The amendment will "prevent irregular maritime arrivals taken to a processing country for making a valid application for an Australian visa," including those found to be refugees.
It is expected to be passed in the next parliamentary sitting week and will also apply to those asylum seekers taken to at Manus in PNG and Nauru since July 19, 2013.
Mr Turnbull told a joint press conference in Sydney that Australia had "one of the most generous humanitarian programs in the world" that could only continue because the country was "in command of its borders".
"A generous humanitarian program, a harmonious multicultural society depends on the Australian government being in control of its borders.
"It depends on us sending a united and concerted answer to the people smugglers that if they seek to bring people to Australia those passengers will never settle in this country.
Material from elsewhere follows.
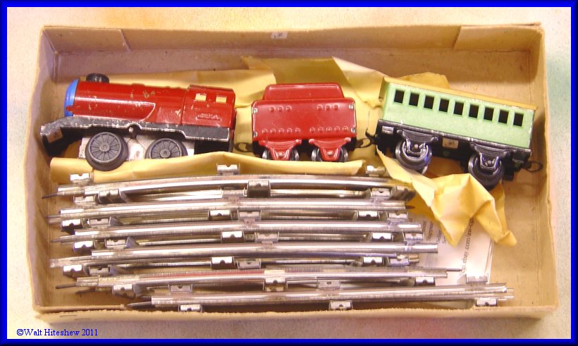 NOTE--------------Interesting and Very Rare set from Eastern Europe. Nominally S gauge. Painted metal construction with plastic wheels.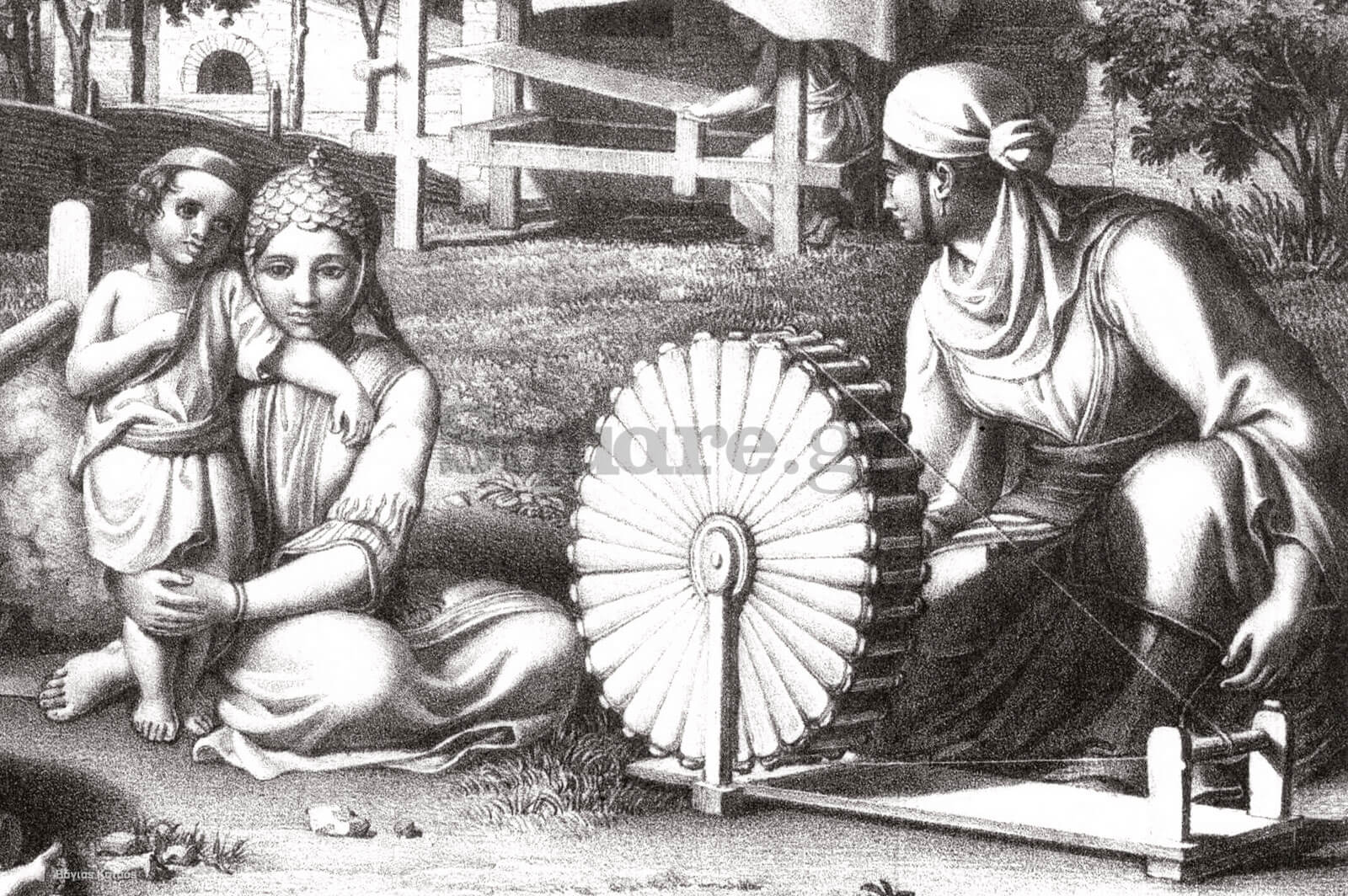 Η καθημερινότητα μιας Ευβοϊκής οικογένειας επί Τουρκοκρατίας. Λεπτομέρεια από σχέδιο του Otto Magnus von Stackelberg, από το έργο Trachten und Gebrauche der Neugriechen… 1831. Πηγή: «Χαρακτικά της Εύβοιας. Συλλογή Γιάννη Κ. Καράκωστα, Ε.Ε.Σ., Αθήνα 1999».

That absolutely, unflinching, unequivocal message has to be loud and clear."
Immigration and Border Protection Minister Peter Dutton added that the announcement was one of the strongest that the Coalition had made in relation to immigration policy.
"It has to be a very clear message to people smugglers and to people on Nauru and Manus at the moment that Australia is not an option for you," Mr Dutton said.
"There are still people, advocates in Australia and elsewhere, messaging to people on Nauru and Manus, at some stage you'll come to Australia. And those people are living in false hope and it cannot continue."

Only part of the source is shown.